Anti-poussière : l’huile de lin protège le bois de la poussière.

L’huile de lin est compatible avec tous types de bois, qu’il s’agisse de bois d’intérieur ou bois d’extérieur, à l’exception du teck.
Parquets, meubles, charpentes, objets décoratifs, accessoires en bois, tapis en bambou, les applications sur le bois sont innombrables. Outre ses attributs protecteurs, l’huile de lin nourrit, dore et fait briller le bois. Par ailleurs, le produit a tendance à brunir les bois de couleur claire.

Les autres utilisations de l’huile de lin

Ce produit d’entretien écologique ne sert pas seulement à entretenir le bois. L’huile de lin est un produit bio polyvalent qui sert également à :

Protéger d’autres matériaux : l’huile de lin est une couche protectrice efficace sur le métal, le liège et la terre cuite. Pour information, la Tour Eiffel est revêtue d’huile de lin !

Fabriquer du cirage écologique fait maison : faire fondre d’un côté 60 ml d’huile de lin avec 100 g de cire d’abeille au bain-marie, et d’un autre côté 25 g de savon de Marseille. Mélanger les deux solutions et rajouter une quinzaine de gouttes d’huile essentielle pour obtenir de la cire naturelle qui fera briller les chaussures, les sacs et les vestes en cuir.

Assaisonner des plats : attention, l’usage de l’huile de lin en cuisine est soumis à quelques restrictions. Elle est déconseillée aux enfants de moins de 3 ans. Elle ne doit pas être utilisée pour la friture mais uniquement pour l’assaisonnement. Ne pas la conserver plus de trois mois après ouverture.

Entretenir le corps et les cheveux : riche en vitamines E et présentant des propriétés adoucissantes, l’huile de lin peut être utilisée comme huile de massage et pour les soins du visage. Elle se marie parfaitement avec les huiles essentielles. Antirides naturel, l’huile de lin régénère la peau et le cuir chevelu. Elle agit également comme onction cicatrisante et comme anti-inflammatoire cutané.

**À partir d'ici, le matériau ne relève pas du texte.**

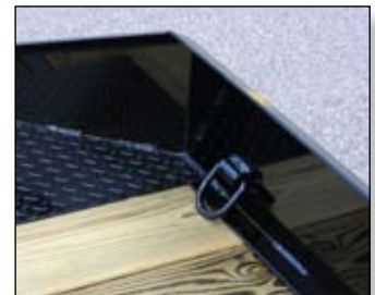
5K Lbs. D-Ring Tie Downs – Welded at both front corners of Air-Dam Bulkhead (optional).

Prévenir certaines maladies et préserver la santé : l’huile de lin permet de réguler le métabolisme pour équilibrer le taux de cholestérol, éviter les troubles hormonaux et les troubles liés au stress, traiter la constipation et bien d’autres encore.

Fabriquer d’autres produits dans le commerce : en effet, l’huile de lin entre dans la fabrication d’autres produits commercialisés comme le savon noir, la peinture ou les encres végétales entre autres. 

Dernière information et non des moindres, l’huile de lin ne coûte pas cher. Le prix au litre est aux alentours de 7 euros, en fonction de la qualité et du type d’huile. Il suffit de se rendre dans les boutiques et drogueries bio ainsi que les boutiques de bricolage pour vous en  procurer.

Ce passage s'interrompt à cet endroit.